As Joe Wolverton II reports for The New American, Wyoming legislators recently and overwhelmingly passed HB 103, a bill that legalizes the use of gold and silver specie (metal coin) as currency and eliminates the tax penalty for ownership of specie -- the tax stick being something often used by politicians to smack citizens for engaging in behaviors they don’t like.
The Wyoming Legal Tender Act is a big, big deal, and the reasons for this are myriad.
First, there is the basic ethical matter of politicians mandating that free people use the currency they command. If market exchanges are truly voluntary, then those engaging in them should be able to use anything they want as a form of currency. In fact, as the great Austrian economist Carl Menger wrote in the 19th Century, and as contemporary economists like Robert Murphy remind us, the selection of certain items as currency was a spontaneous outgrowth of human interaction that began before governments, and arose as a means of facilitating easier trade than multi-person barter. Like language, like the Golden Rule, like the idea of private property ownership of oneself and the fruits of one’s labor, the practice of using a widely valued commodity as a means of currency was not dictated by government. It came about through free market trial and error and the use of subjective valuation by participants.

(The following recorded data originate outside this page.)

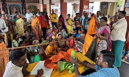 மடப்புரம் கோயிலில் சேலை ஏலம், போட்டி போட்டு எடுத்த பெண்கள்
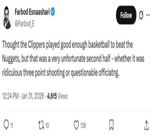 正如賽后快船記者Farbod Esnaashari所說:“盡管快船本場比賽的表現(xiàn)足以擊敗掘金,但下半場的狀況的確艱難,不僅要面對離譜的三分投射效率,還要應(yīng)對頗具爭議的吹罰尺度。”
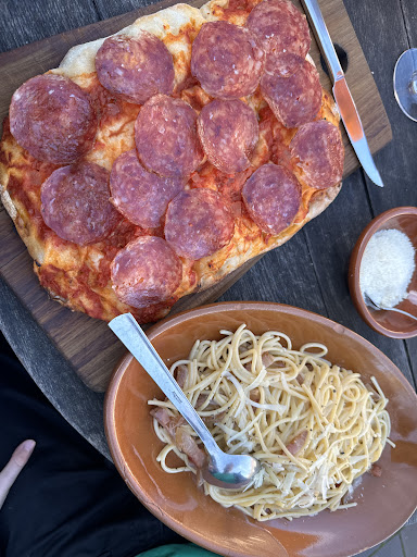 All of the ingredients are high quality, but the food seriously lacked flavor. The carbonara was bland, not enough cheese, and the guanciale wasn’t cooked enough so there was a lot of chewy fat. The pinsa with salami was good, but again, kind of bland.

We not only don’t need politicians telling us we have to use a “Dollar” or a “Federal Reserve Note” as currency, our economic well-being depends on it. In fact, as I have noted for the Mises Institute, since the creation of the Federal Reserve in 1913, the “official” US currency has lost 2.5 percent of its value each year, compounded. As Dr. William Greene notes for Mises.org, that’s over 95% of its purchasing power.

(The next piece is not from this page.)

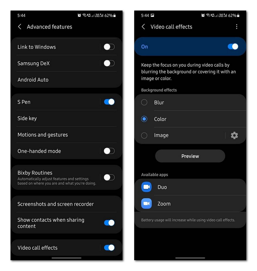 One UI 3.1 上还引入了视频通话效果(Video call effects)。它可以在用户视频通话时自动添加酷炫的背景效果。

And this decrease in purchasing power through inflation would happen regardless of whether the US government gave the Fed a monopoly on currency, or that monopoly were held by the US Treasury.
The key is to understand “inflation”, which is not the increase in prices so may pop media figures call “inflation”. In fact, the increase in prices comes after the inflation, which is an inflation of the money supply, or the aggregate amount of money liquidity in the system. To imagine the process in microcosm, picture yourself at an auction where there are a set number of participants, all of whom know their limits. Then, imagine a fat-cat politician standing outside the doors with a lot of cash he’s printed and is handing to new bidders.

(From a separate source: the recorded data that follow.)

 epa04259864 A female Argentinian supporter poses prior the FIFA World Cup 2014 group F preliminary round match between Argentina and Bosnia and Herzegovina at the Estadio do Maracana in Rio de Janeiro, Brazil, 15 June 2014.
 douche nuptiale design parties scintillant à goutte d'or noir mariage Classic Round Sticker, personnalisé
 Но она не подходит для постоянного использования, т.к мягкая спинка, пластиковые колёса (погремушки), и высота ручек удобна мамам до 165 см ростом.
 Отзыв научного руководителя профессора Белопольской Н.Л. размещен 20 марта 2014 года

What’s going to happen to the price of the auction item?
The actual value of it has not changed, but the price will shoot up. And this is an example of the price increase trouble we see at the end of the inflation train.
Associated with the inflation of the money supply is what Austrian School economists recognized as the “boom-bust” cycle, wherein, market participants who get the printed money first get to spend it before the cash has been widely distributed, and before prices shoot up. This, and artificially low interest rates, inspire people down the money train to sense an expanding economy, so they invest in more stock, hire more employees, etc… But once the money has started bidding up prices, as we see in the example of the single item at auction, people reduce their market activity, restrict buying, and then all those investments made by business people are shown to have been made on faulty expectations. They’re left with a lot of what is called “malinvestment”: wasteful surplus, including employees, that has to be liquidated.
The Constitution came close to preventing this kind of problem. Article One, Section Eight, Clause Five allows Congress to create money, but not the only money, and it can only be in coin form.
And Article One, Section Ten, Clause One states, among other things, that no state may create its own money, and that no state shall, “…make any Thing but gold and silver Coin a Tender in payment of Debts.”
As a result, Wolverton notes:
Distinct from many other unconstitutional programs and policies forced upon the people of the United States by judges, lawmakers, and presidents, the compulsory use of Federal Reserve notes as legal tender ‘for all debts, public and private’ is an open and hostile affront to the blackletter of the Constitution.
He also observes:
…(B)y making mandatory the acceptance of paper money (Federal Reserve notes), Congress is denying to the states a republican form of government, as it is prohibiting the representatives of the people from making laws that conform with the Constitution.
Now, thanks to the work of the Wyoming legislature, Federal Reserve Notes could be driven out of the local market by participants’ attraction to gold and silver coins that retain their value. This is a hugely significant economic move, and marks a watershed moment in constitutional history.